The value of $r$, with $r≤ b$, that minimizes the expression $(b/r)(n+2^r)$ in the analysis of the radix-sort algorithm

Question

In chapter 8 of the book "Introduction to Algorithms" by Cormen, Leiserson, Rivest, and Stein, lemma 8.4 is proved. (my question is after the proof of the lemma)

Given $n$ $b$-bit numbers and any positive integer $r≤b$, RADIX-SORT correctly sorts these numbers in $Θ((b/r)(n+2^r))$ time if the stable sort it uses takes $Θ(n+k)$ time for inputs in the range $0$ to $k$.

Proof:

For a value $r≤b$, we view each key as having $d=⌈b/r⌉$ digits of $r$ bits each. Each digit is an integer in the range $0$ to $2^r-1$, so that we can use counting sort with $k = 2^r-1$. (For example, we can view a 32-bit word as having four 8-bit digits, so that $b = 32$, $r=8$, $k = 2^r-1 = 255$, and $d = b/r = 4$.) Each pass of counting sort takes time $Θ(n+k)=Θ(n+2^r)$ and there are $d$ passes, for a total running time of $Θ(d(n+2^r))= Θ((b/r)(n+2^r)).$

goes on... and in this part I will ask my question. In the quote I will mark the points of the question.

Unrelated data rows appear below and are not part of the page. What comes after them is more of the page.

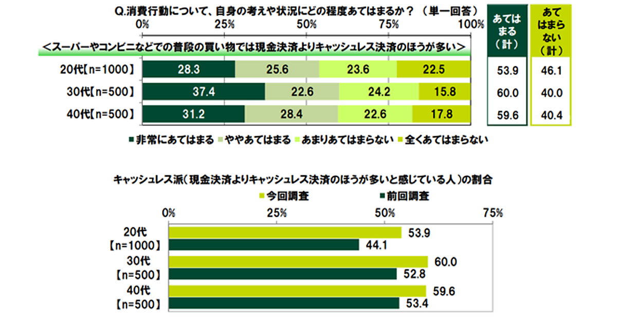 利用者の増加では、20代が前回44.1%→今回53.9%、30代が前回52.8%→今回60.0%、40代が前回53.4%→今回59.6%で、20代の増加が目立ったが、もともと30代・40代のほうがキャッシュレスが強かった模様。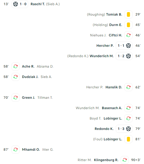 Yellow Cards: 29 Tomiak B. / 45 Durm E. / 81 Lobinger L. /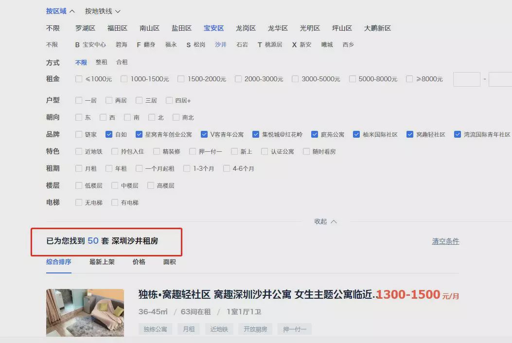 以在贝壳筛选沙井和福永的公寓情况为例,发现相比宝中、西乡和固戍等热门片区200+的房源,沙井和福永分别只有50、101套房源,而蛋壳公寓上福永只有6套房源。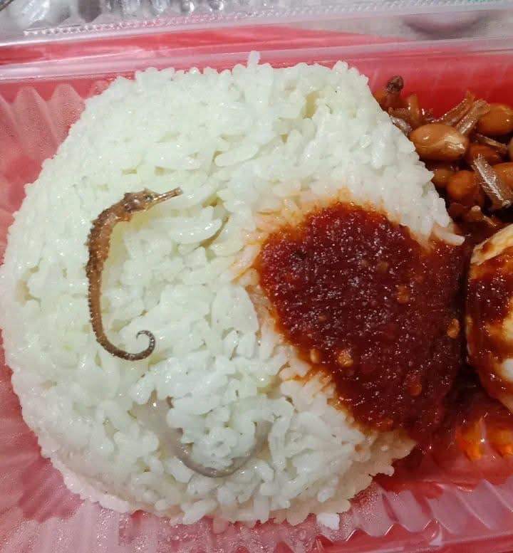 一名网名昂库尔在其脸书上发文,指他购买的椰浆饭里除了有平时吃的炸江鱼仔,还出现炸海马,让他吓了一跳。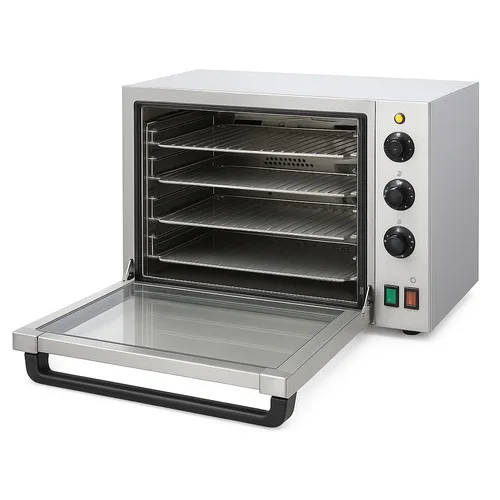 Automatic 4-tray electric convection microwave machine for bread/bun baking. Large size, single door, stainless steel body. Ideal for commercial bakery use.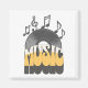 Retro style grunge "Music" text design illustration with vinyl record and music notes decoration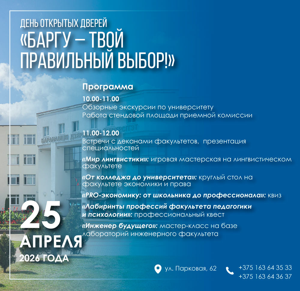 БарГУ обеспечивает подготовку высококвалифицированных специалистов в соответствии с требованиями инновационного уровня отраслей экономики и социальной сферы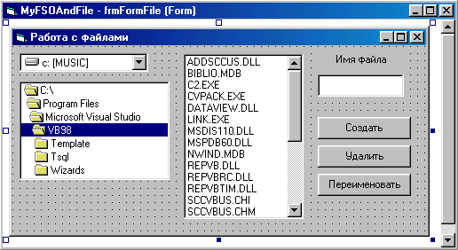 Разработаем приложение для изучения работы с файлами. Для этого воспользуемся приложением, созданным в предыдущем примере при рассмотрении работы с папками. Откройте приложение и модифицируйте его следующим образом: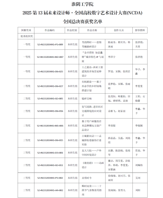 近日,2025第13届未来设计师·全国高校数字艺术设计大赛(NCDA)全国总决赛获奖名单已揭晓。我校设计艺术学院学生参赛作品斩获全国等级奖项12项,其中一等奖3项、二等奖4项、三等奖5项,另获省级奖93项,我校获优秀组织奖。充分展现了学校在艺术设计领域的办学水平与人才培养质量。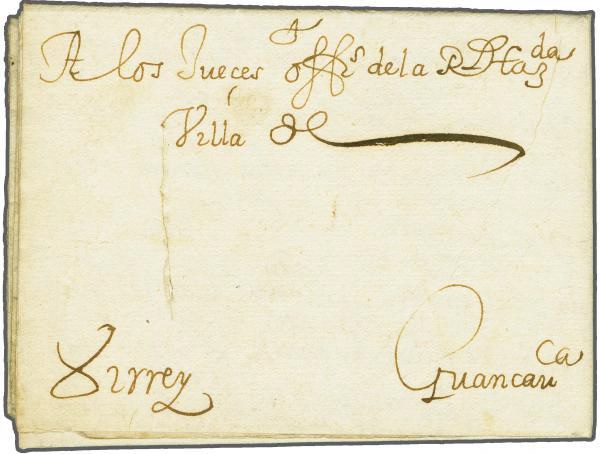 Manuscrito, 1650, correspondência do Vice-Rei aos funcionários reais de Huancavelica. Carta do Vice-Rei do Peru García Sarmiento de Sotomayor, Conde de Salvatierra aos Juízes Oficiais da Receita de Huancavelica. O conteúdo expressa a responsabilidade dos Funcionários da Fazenda para as minas de mercúrio e a substituição dos recipientes do metal destinado para obtenção de Prata pela pessoa responsável, para Potosí. Estado de conservação regular, apresenta rasgo.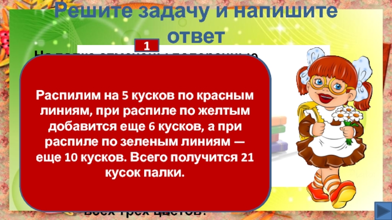 Распилим на 5 кусков по красным линиям, при распиле по желтым добавится еще 6 кусков, а при распиле по зеленым линиям — еще 10 кусков. Всего получится 21 кусок палки.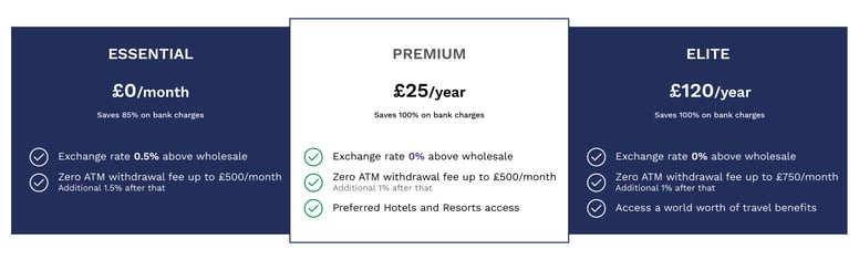 - Essential: £200/month fee-free, then 2% FX fee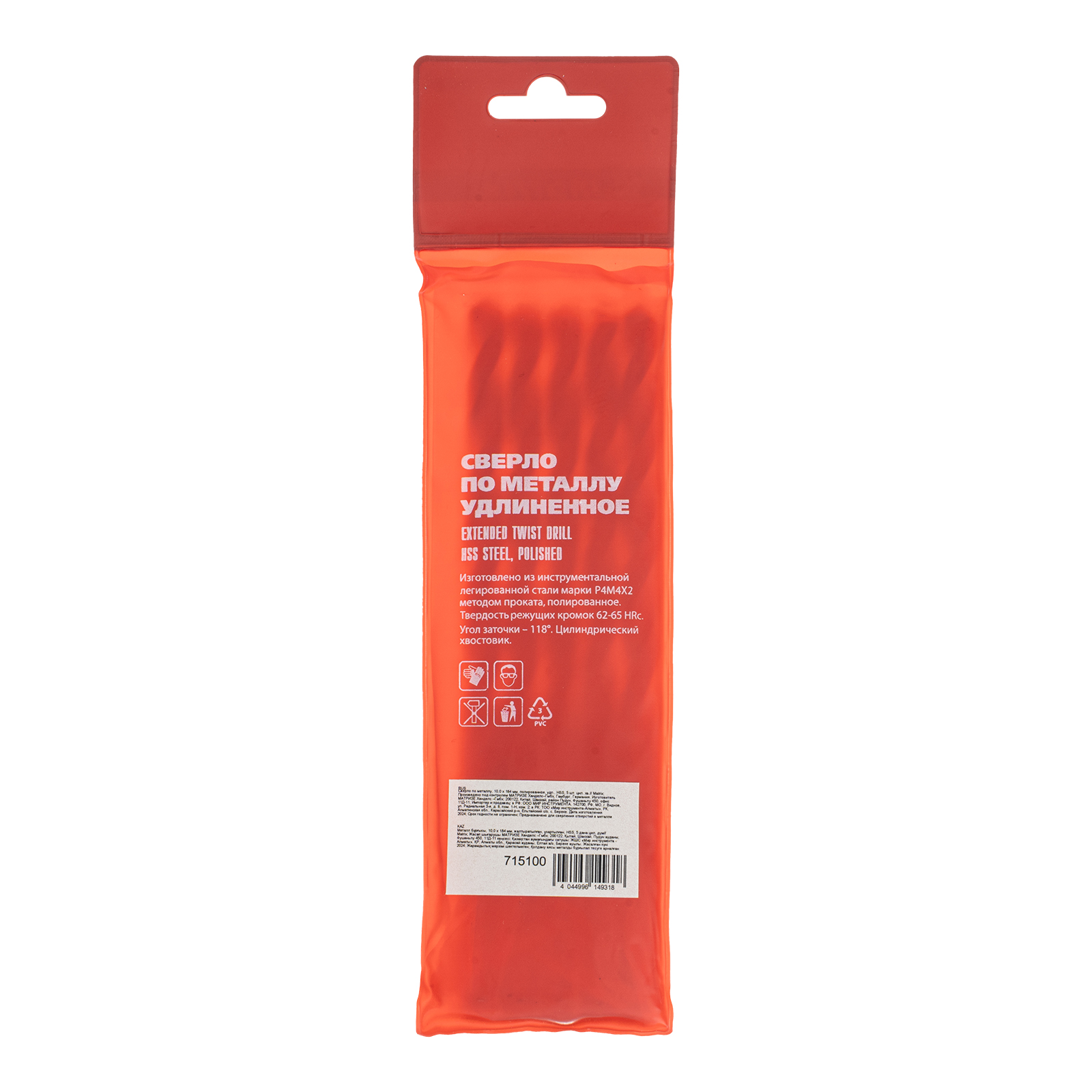 Полированное удлиненное сверло по металлу Matrix 715100 размером 10,0 х 184 мм, из стали HSS, с цилиндрическим хвостовиком, 5 шт. в упаковке, благодаря удлиненному профилю подходит для глубокого сверления. Угол заточки сверл составляет 118° и является оптимальным для работы с черными металлами, сталью, чугуном и твердой бронзой.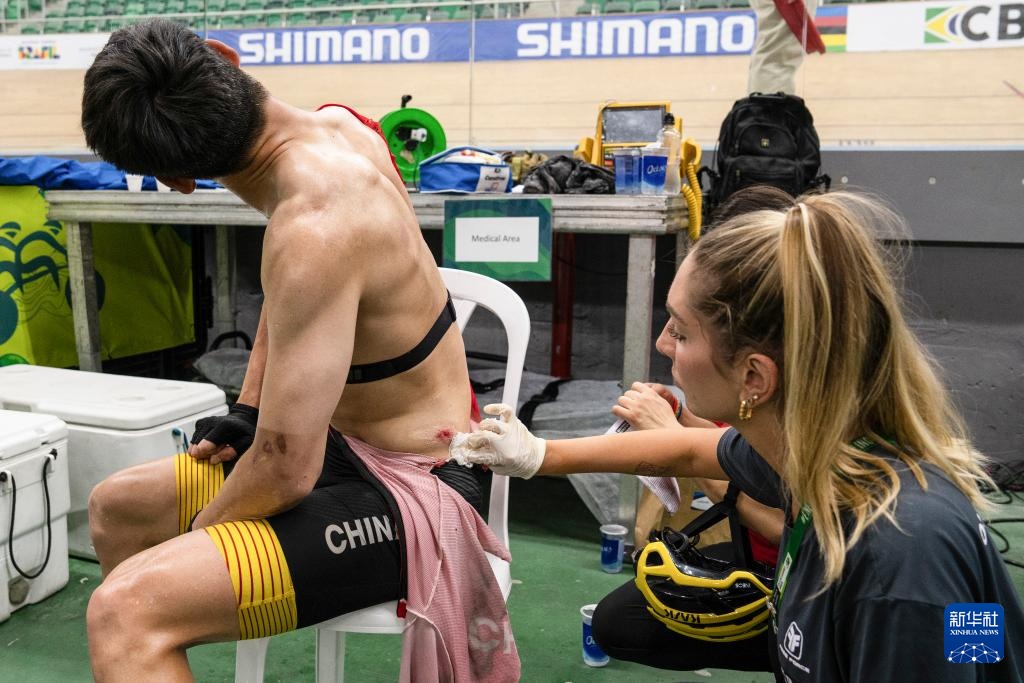 3月24日,中國選手梁偉聰(左)在男子C1級捕捉賽后接受治療。新華社記者 王天聰 攝
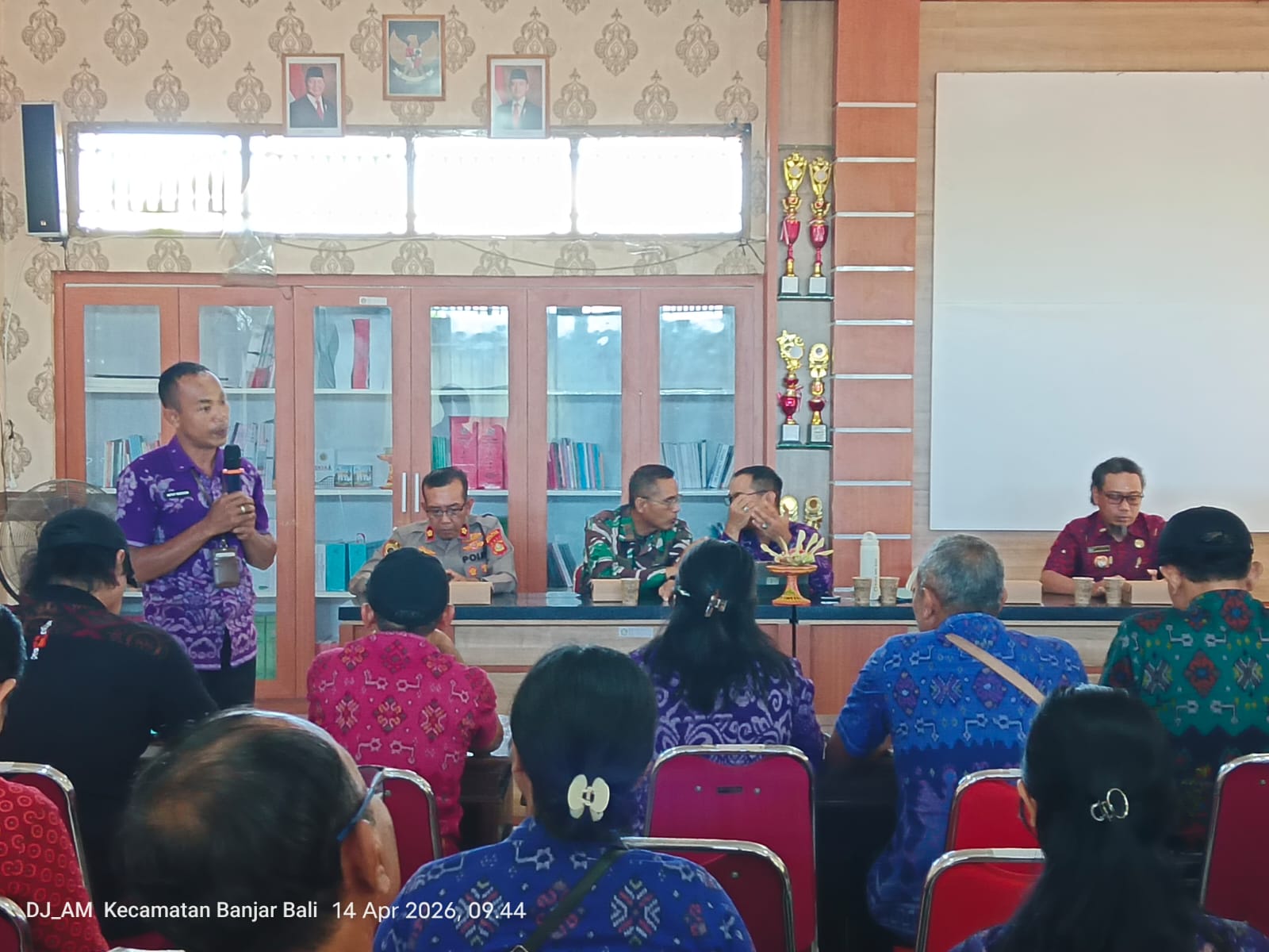 Rapat dipimpin oleh Camat Banjar Putu Widiawan, S.Sos., dan dihadiri oleh Danramil Banjar Kapten Inf. Made Suparsana, Sekcam Banjar, penyuluh dari Dinas Lingkungan Hidup (DLH) Kabupaten Buleleng, serta seluruh Perbekel se-Kecamatan Banjar.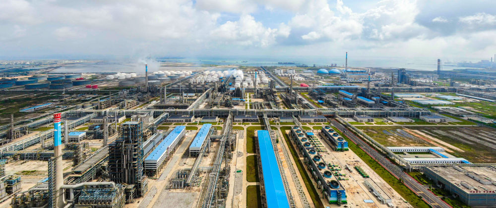 廣東省湛江市東海島拍攝的中科煉化廠區(qū)(5月25日攝,無人機照片)。聚集了寶鋼湛江鋼鐵、中科煉化和巴斯夫項目及一批上下游產(chǎn)業(yè)的湛江東海島,正迅速崛起綠色鋼鐵和綠色石化兩大千億級臨港工業(yè)集群,成為廣東最大的臨港工業(yè)島。新華社記者 鄧華 攝

For given values of $n$ and $b$, we wish to choose the value of $r$, with $r ≤ b$, that minimizes the expression $(b/r)(n+2^r)$. If $b < ⌊\lg n⌋$ (question : what is the motivation that led to the choice of this inequality?), then for any value of $r \leq b$, we have that $(n+2^r)=Θ(n)$. Thus, choosing $r = b$ yields a running time of $(b/b)(n+2^r)=Θ(n)$, which is asymptotically optimal. If $b \geq ⌊\lg n⌋$, then choosing $r= ⌊\lg n⌋$ gives the best time to within a constant factor, which we can see as follows. Choosing $r = ⌊\lg n⌋$ nc yields a running time of $Θ(bn(\lg n)$. As we increase $r$ above $⌊\lg n⌋$, the $2^r$ term in the numerator increases faster than the $r$ term in the denominator, and so increasing $r$ above $⌊\lg n⌋$ yields a running time of $Ω(bn/\lg n)$. If instead we were to decrease $r$ below $⌊\lg n⌋$, then the $b/r$ term increases and the $n+2^r$ term remains at $\Theta(n)$.

Answer 1

For fixed $n$, let $f(r)=(b/r)(n+2^r)$ where $r>0$.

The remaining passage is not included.